Acórdão nº 235/19.2BGABT-A.E1 de Tribunal da Relação de Évora, 08 de Junho de 2021
Magistrado Responsável | MOREIRA DAS NEVES |
Data da Resolução | 08 de Junho de 2021 |
Emissor | Tribunal da Relação de Évora |
Acordam, em conferência, os Juízes que constituem a Secção Criminal do Tribunal da Relação de Évora: I – Relatório 1. No Juízo Local Criminal de Abrantes, do Tribunal Judicial da comarca de Santarém, procedeu-se a julgamento em processo comum VMSA, com os sinais dos autos, a quem foi imputada a prática, como autor, de um crime de violência doméstica previsto no artigo 152.º, § 1.º e 2.º do Código Penal (CP), com referência aos § 4.º e 5.º do mesmo retábulo
O arguido não apresentou contestação nem meios de prova
A final o tribunal proferiu sentença, na qual condenou o arguido pela prática de um crime de violência doméstica, na pena de 3 anos de prisão e nas penas acessórias de proibição de contactos com a vítima e obrigação de frequentar programas específicos de prevenção da violência doméstica (§ 4.º e 5.º do artigo 152.º CP), mais arbitrando, nos termos previstos nos artigos 21.º da Lei n.º 112/2009, de 16 de setembro e 82.º-A do Código de Processo penal (CPP), uma indemnização à vítima, que fixou em 3 000€, a liquidar em prazos ali concretamente determinados
Na sentença o tribunal entendeu rever a situação coativa do arguido, o qual até então se encontrava sujeito às obrigações do Termo de Identidade e Residência (TIR).

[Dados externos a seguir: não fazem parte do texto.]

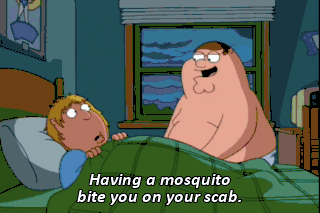 Having a mosquito bite you on your scab. (THUNDER RUMBLING) Oh! There's your thunder. Okay, let's try again. Okay. Swallowing a razor blade accidentally. (THUNDER RUMBLING) Oh, crap! It's getting closer.
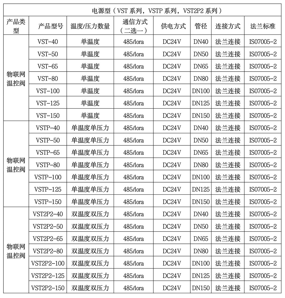 VST/VSTP系列物联网温控平衡阀为电源型,其中:
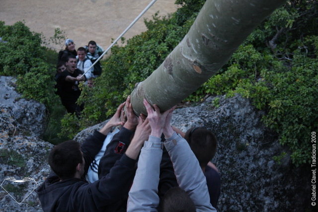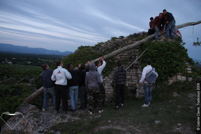 Un « ancien du Mai » arrive sur le lieu de la plantation avec les cordes qui permettront de hisser cet arbre entre deux rochers. Après plusieurs minutes d’effort, l’arbre enfin à la verticale est salué par les quelques badauds restés au village pour contempler l’exploit des garçons du village.
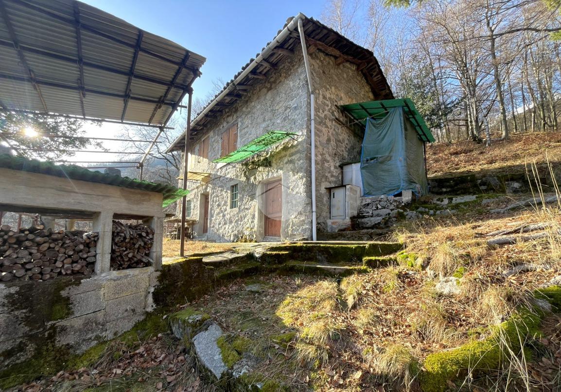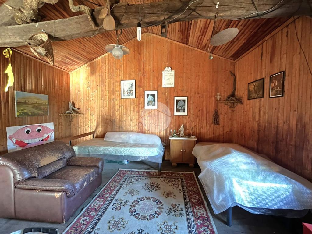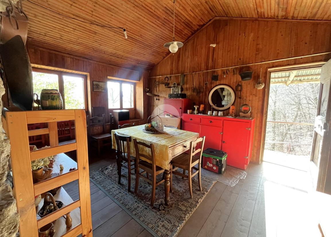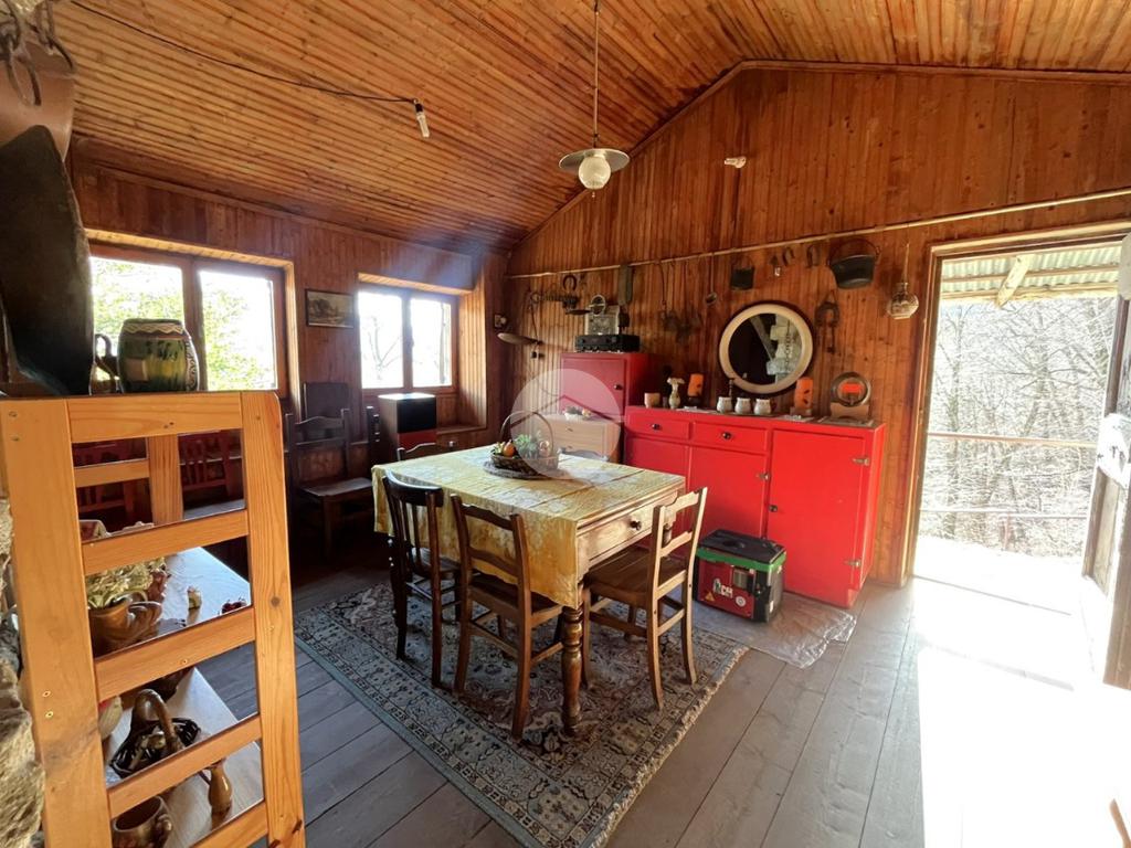 A completare la proprietà un WC esterno, con pozzo a perdere, una legnaia, un ripostiglio ed il terreno, in parte scosceso e in parte pianeggiante, di circa 6560 mq.
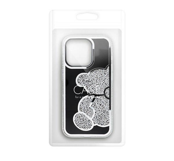 Teddy Bear iPhone 16 Pro csillogó köves tok, ezüst
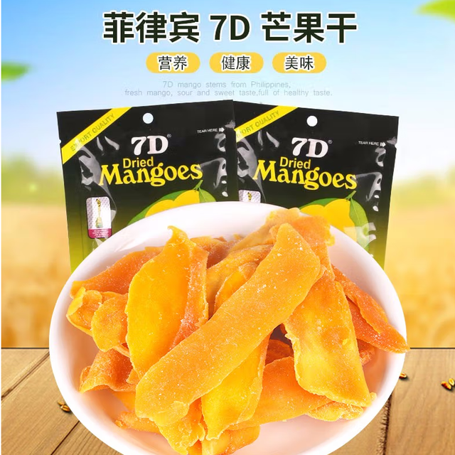 可喜欢吃芒果干了,就这个7d牌子的一直回购芒果干肉比较厚实但不硬,口感糯叽叽的酸酸甜甜的特别好吃!价格搞活动十几块一包吧就贪嘴会全部吃光容易上火
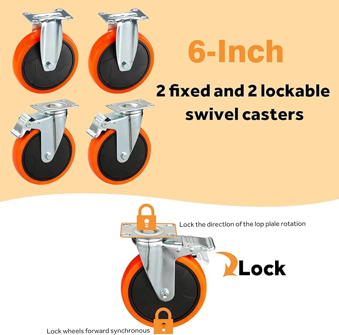 - 🔆 PROFESSIONALLY DESIGNED WHEELS: 2 fixed and 2 swivel 6-inch wheels (2 with Brake) are made of industrial-strength polypropylene and non-marking polyurethane (PU) rubber. The swivel wheels can easily rotate 360 degrees flexibly, and the inner double ball bearings make the rotation and rolling more effortless and labor-saving. The locking mechanism synchronously locks the rotation and the wheel frame, thus achieving effective and fast braking.
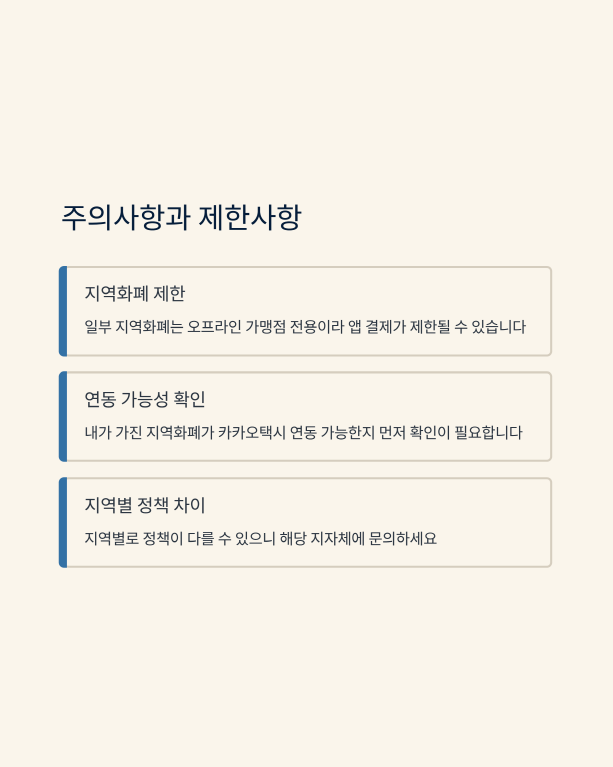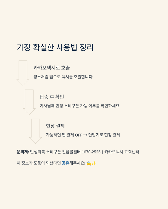 결론: 카카오택시에서 민생회복지원금 사용은 현장 단말기 결제가 가장 확실하며, 지역화폐 연동은 제한적입니다. 탑승 전 반드시 기사님께 확인하세요! 🚖✨
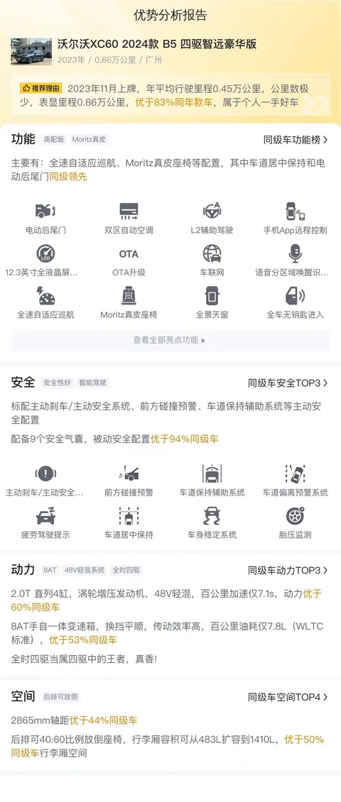 这款沃尔沃XC60 2024款 B5 四驱智远豪华版上牌时间为2023年11月,上牌地车源地均为广州,过户次数为0次,表显里程为8600公里。新车指导价为42.59万,而现在的二手车报价为22.8万,相比新车省19.79万。
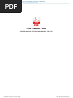 5. A dental plan Answer:C (35) Your customer ask for a small change in the project, which was not budgeted in the project. It is a small effort as compared to the total project and you n eed the goodwill for a multimillion dollar on the pipeline. You will 1. Refuse to do the work 2. Agree to do the work at no charge 3. Do the work and bill him later 4. Assess the cost and schedule impact and tell them you will decide later Answer:D (36) You are responsible for ensuring that your seller's performance meets contr actual requirements. For effective contract administration, you should: 1. Hold a bidders conference 2. Establish the appropriate contract type 3. Implement the contract change control system 4. Develop a statement of work Answer:C (37) The three major causes of change on a project are: 1. Replacement of the project manager or key project team members; changes in priorities by senior management; and contractual difficulties. 2. Changes in the relative importance of time, resources, or cost ; new kno wledge about the deliverable; and technological uncertainty 3. Errors in the initial assessment of how to achieve the goal of the proje ct; new information about the project deliverable; and a new mandate 4. Unavailability of resources promised by the functional managers; cost ov erruns; and changes in customer requirements Answer:C (38) The purpose of the review of deliverables and project performance at the co nclusion of a project phase is to: 1. Determine how many resources are required to complete the project accord ing to the project baseline 2. Adjust the schedule and cost baselines based on past performance 3. Obtain customer acceptance of project deliverables 4. Determine whether the project should continue to the next phase Answer:D (39) Your project is in the final test stage, the user acceptance test. It meets all the product specs and is under planned costs. In term of schedule, this pro ject is ahead. Your customer meet you and requested that he will not accept the product unless you make several changes. What you should do is: 1. Get the list of the changes and estimate all of them. If the total cost is still within the baseline, you just do it 2. Estimate the costs and send this to your customer requesting contract mo dification 3. Ask the customer to file a Change request 4. Sit with the customer to review the product specs and tell him/her that you have completed the project. Answer:C (40) The delphi Method is best suited for: 1. Decision-making 2. Cost Control 3. Overhead rate estimating 4. Team discussions Answer:A (41) Which of the following methods is least likely to be used for explaining pr oject planning guidelines to the team? 1. Project Office Memo 2. Project office directive 3. Project team meeting 4. Formal project report Answer:D
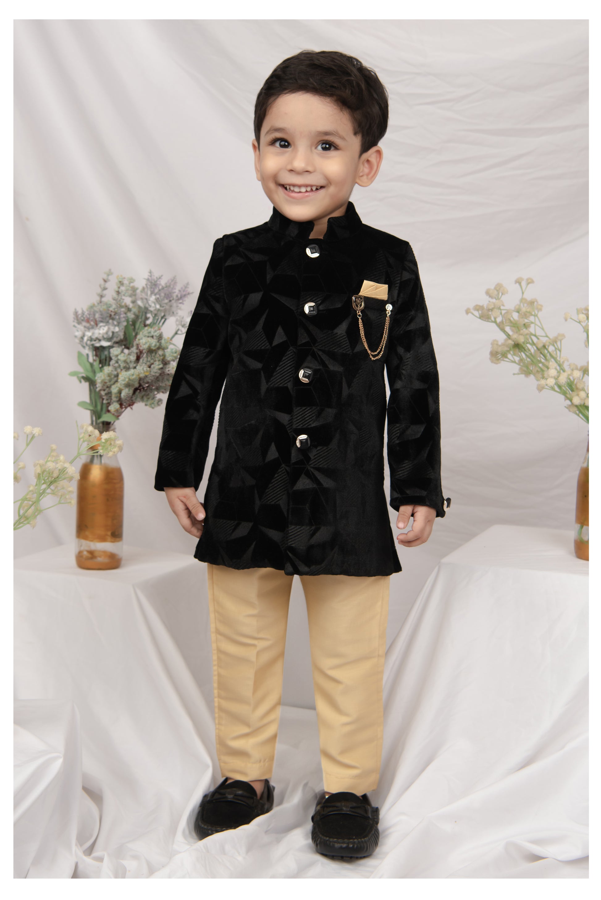 This LITTLE COLLARS fashion-forward silhouette is timeless and aesthetically beautiful. An ideal piece for all Rakhi/Diwali/Ramadan/Indian parties and weddings! Elegant Achkan has beautiful Sequin & Embellished & Abstract Embroidered is paired with Pajama set. This set is a perfect combination of opulence with comfort.
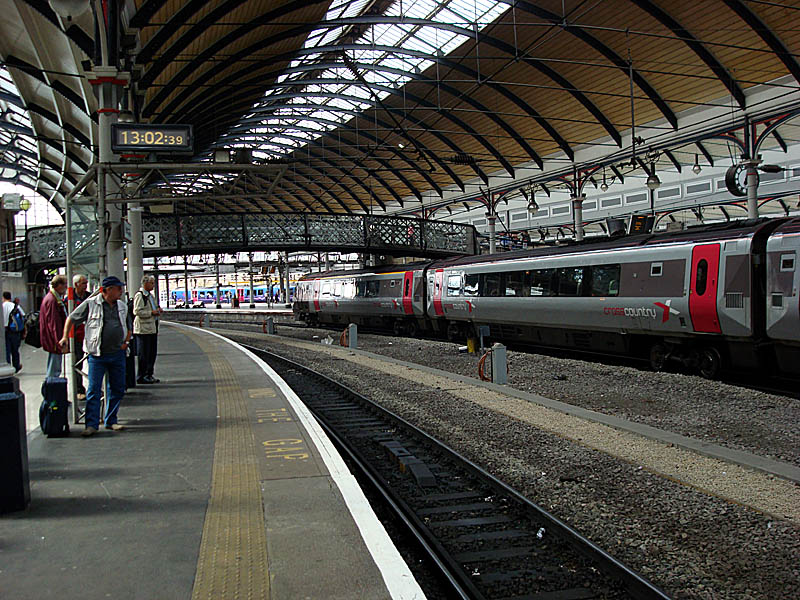 Während wir auf unseren Zug warten, setzt sich auf dem gegenüber liegenden Gleis ein Cross country Voyager-Triebzug in Bewegung. Bahnhof Inverness, 15. Aug. 2008
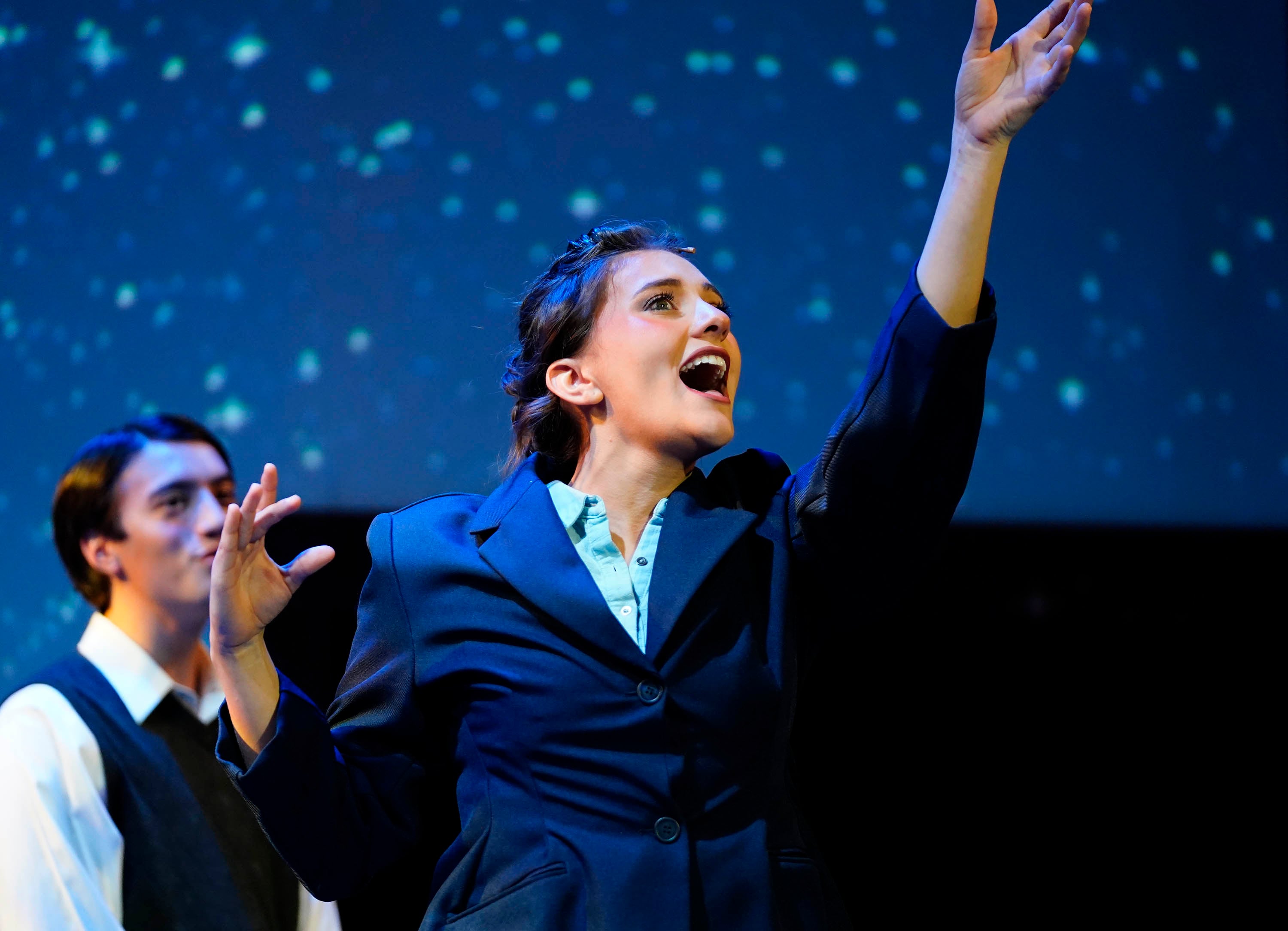 Carter Giannetti, as Billy Cane, and Maiya Morhweis, as Margo Crawford, rehearse a scene for “Bright Star” at Ethington Theatre on March 3, 2026. -

Ali logo se determinou a sua sujeição a prisão preventiva, por se considerar emergirem perigos de fuga, de continuação da atividade criminosa e de perturbação grave da ordem e tranquilidade públicas
Na sessão de audiência marcada para a leitura da sentença, após a realização desta, o tribunal deu a palavra ao Ministério Público e ao arguido para se pronunciarem «sobre a eventual aplicação de prisão preventiva, nos termos do disposto no artigo 202.º, § 1.º, al. d) CPP», a que se seguiu despacho a determinar (outra vez) a prisão preventiva, com fundamento no perigo de fuga, perigo de continuação da atividade criminosa e perigo de perturbação grave da ordem e tranquilidade públicas! 2. Inconformado com a medida de coação aplicada nestas circunstâncias recorre o arguido (1), apresentando as seguintes conclusões (transcrição): «1.ª O tribunal ao quo procedeu à alteração da medida de coação aplicada ao arguido de TIR, substituindo-a por uma medida de prisão preventiva, nos termos do artigo 204.º do CPP, com base nas alíneas a) e b)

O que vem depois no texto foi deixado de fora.